Views are essential for the places where we sit, the porch, a terrace or patio. We have views throughout the year from our deck, of ‘Lemon Glow’ daffodils through the golden branches of a shrub dogwood, of sunny pools of evening primrose splashing through the greens of hostas beneath canopies of silvery willows, of the katsura when it bursts into its coral and marmalade flames beyond the scarlet arc of the sourwood. If a view exists in your lawn, provide a place to rest to see it. The way we acquire the furniture in our gardens is happenstance; where we place it is not, and requires comfort in the form of shade and stable terrain, and a beautiful view.
Since splendid vistas are often seasonal, they sometimes surprise us, though once seen they are rarely forgotten. During the flowering year, the approach to our house is through a corridor of gardens; in spring, however, the scene at the end of the driveway – the sulfur spurs of witch hazel, dark red buds of swamp maple, and the pearly catkins of pussy willow, the pale green twigged and the coral barked – supply a riveting spiral of silver, yellow, olive, rust, and orange. In summer our gardens, singularly and as a whole, provide all the views we want, with perennial vignettes vying for attention through leafy windows. At the moment, it’s the confetti of the raspberry asters sweeping over a darkening rim of sedums and across mauve stalks of turtlehead and the dusty rose plumes of moor grass, all speckled with the magenta petals of a few late season phlox; and I can tell from their swell that in another week the wild asters will capture us with their clouds of gentlest blues and purples, falling over the woodland garden like a delicate veil. From April through October I find myself daily identifying “the view” and inviting family and friends to sit where they can appreciate it. Later in fall, it’s layers of foliar frames, a glimpse of the burgundy viburnum through the whiskery tassels of a purpling grass, or the bright red umbrella of the Japanese maple through a wreath of hydrangea’s mauve panicles, or callicarpica’s amethyst berries through the bronzed fronds of mimosa. And in winter, it’s the impact of trees on the landscape. Provide your yard with those that produce berries or interesting bark, or sparkle after an ice storm like the willow’s cascades of diamonds, or hold the dustings of a powdery snow, as pines. The ultimate borrowed view is the sky, and there is none as spectacular as winter’s sun rising or setting through the black brooms of branches.
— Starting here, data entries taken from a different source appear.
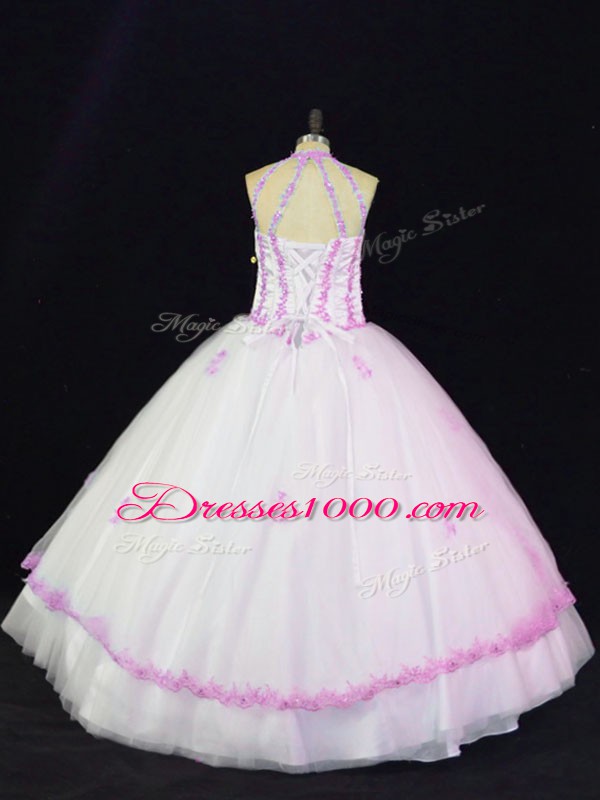 Super White Halter Top Neckline Appliques Ball Gown Prom Dress Sleeveless Lace Up
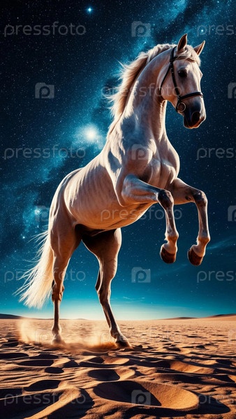 Лошадь стояла на заднице на фоне звездного неба
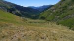 Una tenue senda faldea por pastos y helechos hasta llegar bajo el refugio de las Fajas (1693m 1h09′). La senda sigue por pastos junto al barranco del Cebollar (orilla izquierda) hacia el NW. Al llegar al circo se gira a la derecha para subir junto a la orilla izquierda de un barranco con fuerte pendiente. Cruzo el barranco (2080m 2h02′) y giro a la izquierda (otra vez NW) por un barranco subsidiario. Asciendo por la ladera de mi derecha entre hierba y pedreras, siguiendo algún hito, pero un poco confuso, hasta un paso entre dos grandes rocas (2342m 2h40′). Me encuentro bajo la pared sur de la cresta entre Tendeñera y Otal.

Though essential in winter, the view from our windows is important throughout the year. The trunk of the birch seen from the kitchen exfoliating rust and cream and buckskin, the mountain laurels reaching across the front windows to flush the panes pale pink, the aerial views of the gardens from upstairs, and especially the window that introduces us every morning to the day: the last of summer’s flowers blooming now on its ledge and the far away trees starting to ignite, and the view of an unblemished sea of snow in distant fields, all the way until we watch winter’s slow leaching and the return of the gray green mists of spring.